## EXERCISE REQUIREMENTS
Among the entries below, find the line with "이날 시청 상황실에서", then quote it and each following line up to and including the line with "5. ศูนย์การค้าริเวอร์ ซิตี้", and nothing else.
====== DATA TO EXAMINE ======
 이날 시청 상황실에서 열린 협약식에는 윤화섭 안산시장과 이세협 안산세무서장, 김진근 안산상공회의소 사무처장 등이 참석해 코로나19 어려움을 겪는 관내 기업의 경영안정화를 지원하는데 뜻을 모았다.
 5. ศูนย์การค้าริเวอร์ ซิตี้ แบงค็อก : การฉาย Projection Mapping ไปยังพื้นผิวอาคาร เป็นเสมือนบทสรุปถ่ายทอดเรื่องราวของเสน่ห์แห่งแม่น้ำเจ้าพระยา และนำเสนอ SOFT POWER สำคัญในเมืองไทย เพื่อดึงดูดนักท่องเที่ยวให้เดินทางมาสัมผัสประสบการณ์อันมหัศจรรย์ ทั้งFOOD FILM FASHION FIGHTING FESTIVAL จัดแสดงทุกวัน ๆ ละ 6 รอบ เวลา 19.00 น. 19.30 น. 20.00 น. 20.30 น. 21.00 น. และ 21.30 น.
======
====== DATA TO EXAMINE ======
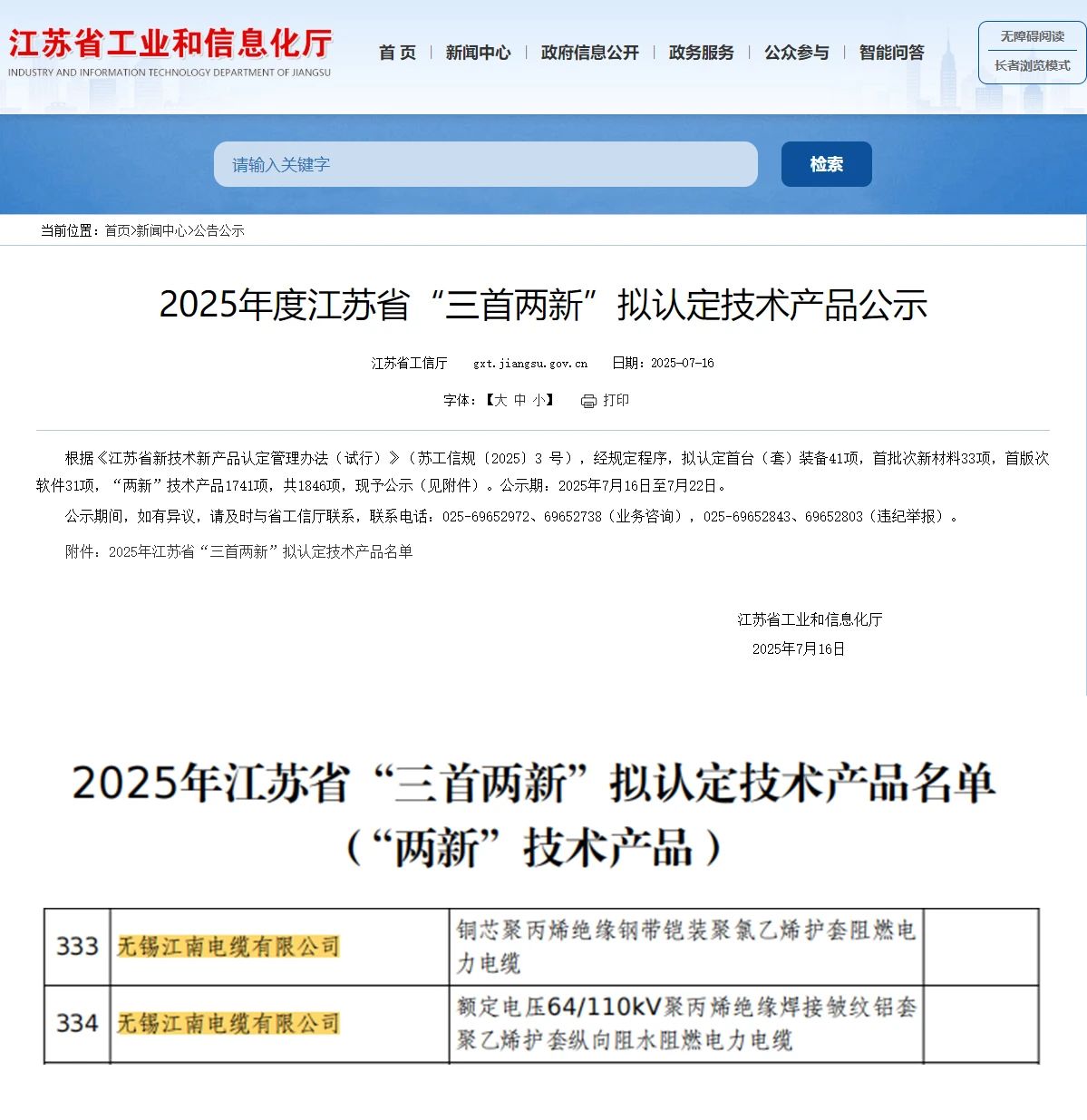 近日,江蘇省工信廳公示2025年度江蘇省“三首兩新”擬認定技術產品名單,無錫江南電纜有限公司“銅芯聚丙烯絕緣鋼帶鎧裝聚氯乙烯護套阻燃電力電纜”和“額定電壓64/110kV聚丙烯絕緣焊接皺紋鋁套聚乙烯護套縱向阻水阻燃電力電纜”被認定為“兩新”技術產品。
======
## ANSWER TO THIS PROBLEM
 이날 시청 상황실에서 열린 협약식에는 윤화섭 안산시장과 이세협 안산세무서장, 김진근 안산상공회의소 사무처장 등이 참석해 코로나19 어려움을 겪는 관내 기업의 경영안정화를 지원하는데 뜻을 모았다.
 5. ศูนย์การค้าริเวอร์ ซิตี้ แบงค็อก : การฉาย Projection Mapping ไปยังพื้นผิวอาคาร เป็นเสมือนบทสรุปถ่ายทอดเรื่องราวของเสน่ห์แห่งแม่น้ำเจ้าพระยา และนำเสนอ SOFT POWER สำคัญในเมืองไทย เพื่อดึงดูดนักท่องเที่ยวให้เดินทางมาสัมผัสประสบการณ์อันมหัศจรรย์ ทั้งFOOD FILM FASHION FIGHTING FESTIVAL จัดแสดงทุกวัน ๆ ละ 6 รอบ เวลา 19.00 น. 19.30 น. 20.00 น. 20.30 น. 21.00 น. และ 21.30 น.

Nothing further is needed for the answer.